* _Task objective_
Could you retype the records below exactly as they appear, skipping any pictures?

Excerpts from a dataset
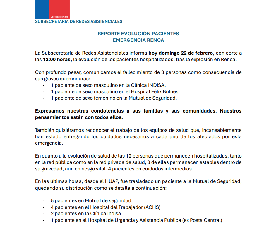 Este domingo la Subsecretaría de Redes Asistenciales confirmó a tres nuevos fallecidos producto de la grave tragedia en Renca.
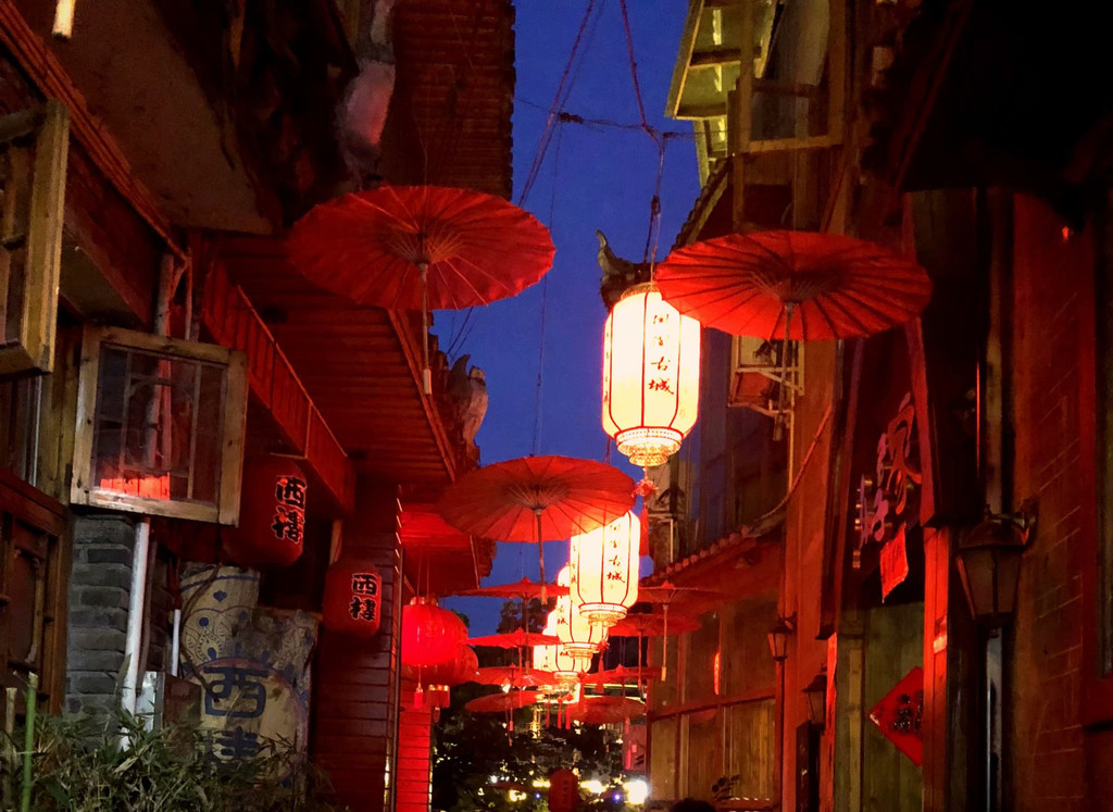 眼前突然闪现的绿光吸引了我的眼睛,我朝它望去,才觉是童年的萤火虫,可只有一只,孤单的一只在我眼前若影若现。似乎是突然的安静打扰了和谐的气息,我揉揉眼睛一时一片黑暗,只有一盏微弱暗黄的被电线杆缠绕的路灯忽闪忽闪,是我看错了,但我并没有继续前行。我告诉朋友,我好像看见了萤火虫,她听闻竟比我还激动,我吓得赶紧嘘的一声求她安静。一时间又一点绿光闪现,又闪现,愈来愈亮又渐渐暗淡下去。我确定我没看错,是的,是小时候见过的消失已久的萤火虫。我们都很激动。拿起手机赶紧抓拍记录下此刻场景。直到夜更深,更静,我们都已疲惫。朝着巷子里走去转角回到客栈凤安居,一日,结束。
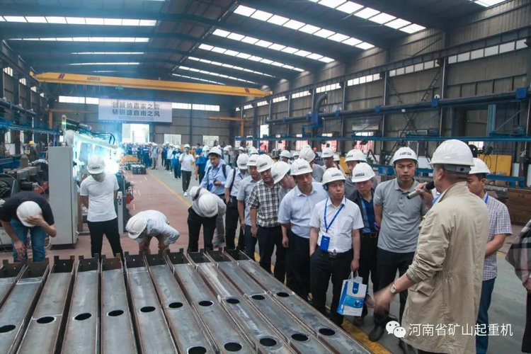 24日下午,河南礦山迎來了多批重要的客人,國家質檢總局特種設備局相關領導,中國重型機械工業(yè)協(xié)會相關領導、重機協(xié)會橋式起重機委員會300家會員單位和全國800家起重裝備整機制造商、配套件制造商及服務商分批蒞臨河南礦山,實地參觀考察河南礦山。公司創(chuàng)始人崔培軍、總經(jīng)理任海濤分別接待,并熱情的向來訪客人介紹了公司概況、工藝革新及機器人換人計劃等。
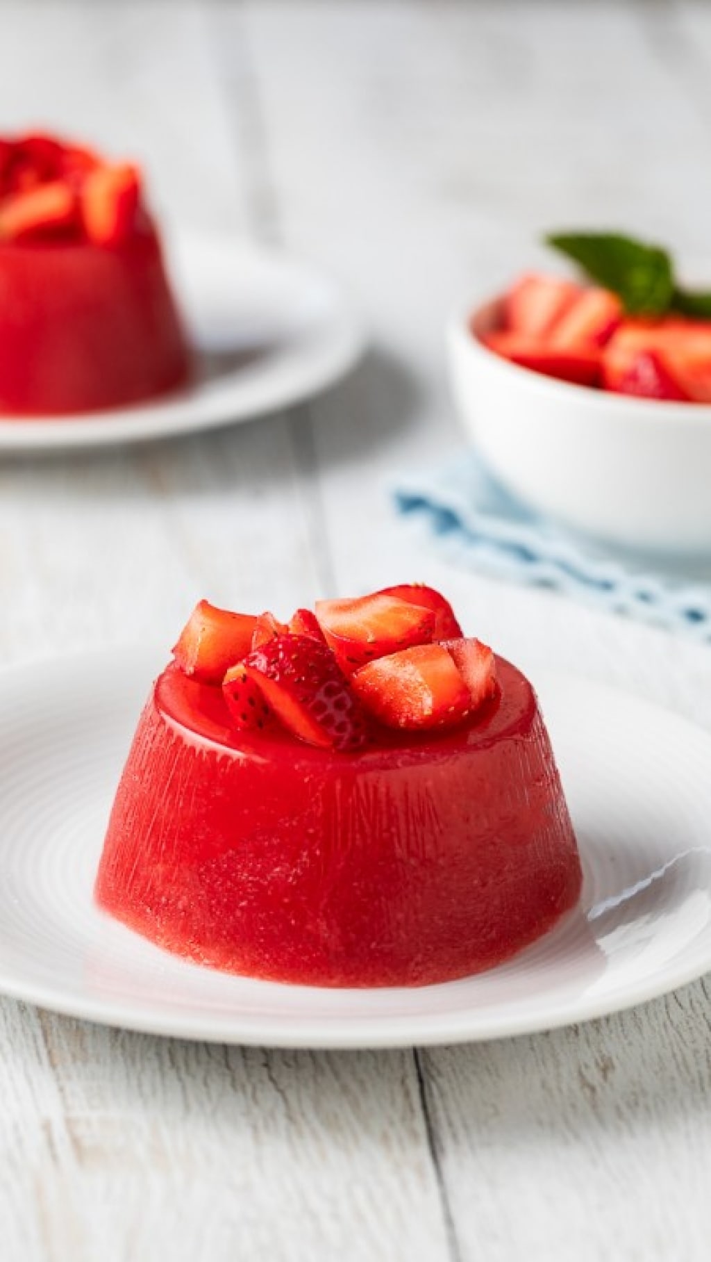 Al momento di servire sformate la gelatina di fragole, decorate con fragole a pezzetti, menta fresca se gradita e servite.
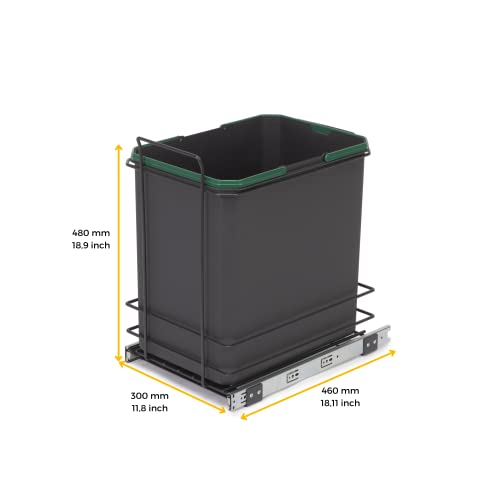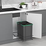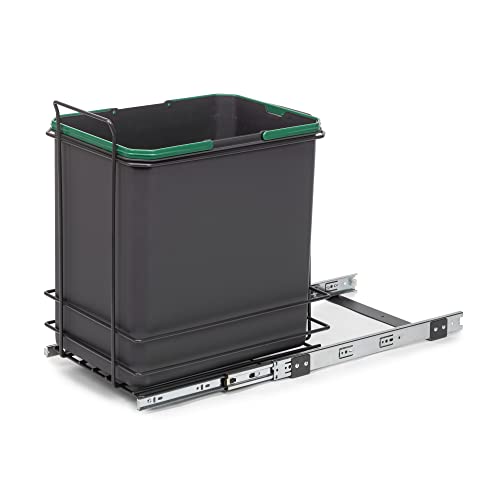 Emuca - Poubelle de recyclage Recycle de 35 L pour cuisine, fixation au sol, extraction manuelle, sans couvercle, Plastique gris anthracite
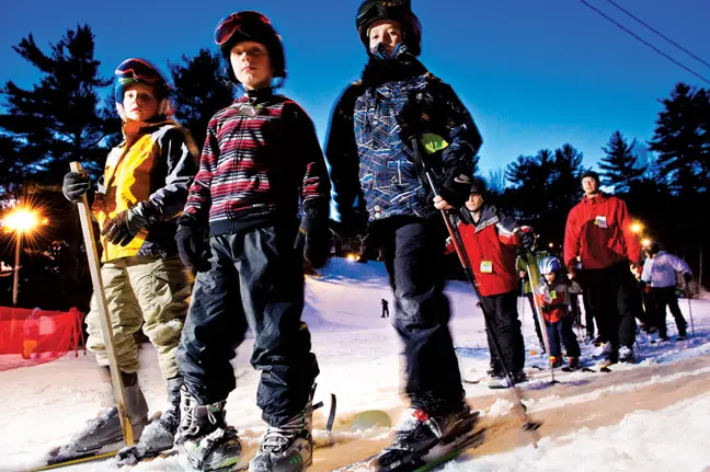 Free from the shackles of teachers and parents, competitive high-school teams, middle-school snowboarders looking for something to do, and still-learning tots release a day’s worth of pent-up energy by flying down the mountain with reckless abandon until dinner time. It’s been this way every winter at Lost Valley for fifty-one years. Little has changed, and that’s just how Mainers like it.

* _Answer box_
 Este domingo la Subsecretaría de Redes Asistenciales confirmó a tres nuevos fallecidos producto de la grave tragedia en Renca.
 眼前突然闪现的绿光吸引了我的眼睛,我朝它望去,才觉是童年的萤火虫,可只有一只,孤单的一只在我眼前若影若现。似乎是突然的安静打扰了和谐的气息,我揉揉眼睛一时一片黑暗,只有一盏微弱暗黄的被电线杆缠绕的路灯忽闪忽闪,是我看错了,但我并没有继续前行。我告诉朋友,我好像看见了萤火虫,她听闻竟比我还激动,我吓得赶紧嘘的一声求她安静。一时间又一点绿光闪现,又闪现,愈来愈亮又渐渐暗淡下去。我确定我没看错,是的,是小时候见过的消失已久的萤火虫。我们都很激动。拿起手机赶紧抓拍记录下此刻场景。直到夜更深,更静,我们都已疲惫。朝着巷子里走去转角回到客栈凤安居,一日,结束。
 24日下午,河南礦山迎來了多批重要的客人,國家質檢總局特種設備局相關領導,中國重型機械工業(yè)協(xié)會相關領導、重機協(xié)會橋式起重機委員會300家會員單位和全國800家起重裝備整機制造商、配套件制造商及服務商分批蒞臨河南礦山,實地參觀考察河南礦山。公司創(chuàng)始人崔培軍、總經(jīng)理任海濤分別接待,并熱情的向來訪客人介紹了公司概況、工藝革新及機器人換人計劃等。
 Al momento di servire sformate la gelatina di fragole, decorate con fragole a pezzetti, menta fresca se gradita e servite.
 Emuca - Poubelle de recyclage Recycle de 35 L pour cuisine, fixation au sol, extraction manuelle, sans couvercle, Plastique gris anthracite
 Free from the shackles of teachers and parents, competitive high-school teams, middle-school snowboarders looking for something to do, and still-learning tots release a day’s worth of pent-up energy by flying down the mountain with reckless abandon until dinner time. It’s been this way every winter at Lost Valley for fifty-one years. Little has changed, and that’s just how Mainers like it.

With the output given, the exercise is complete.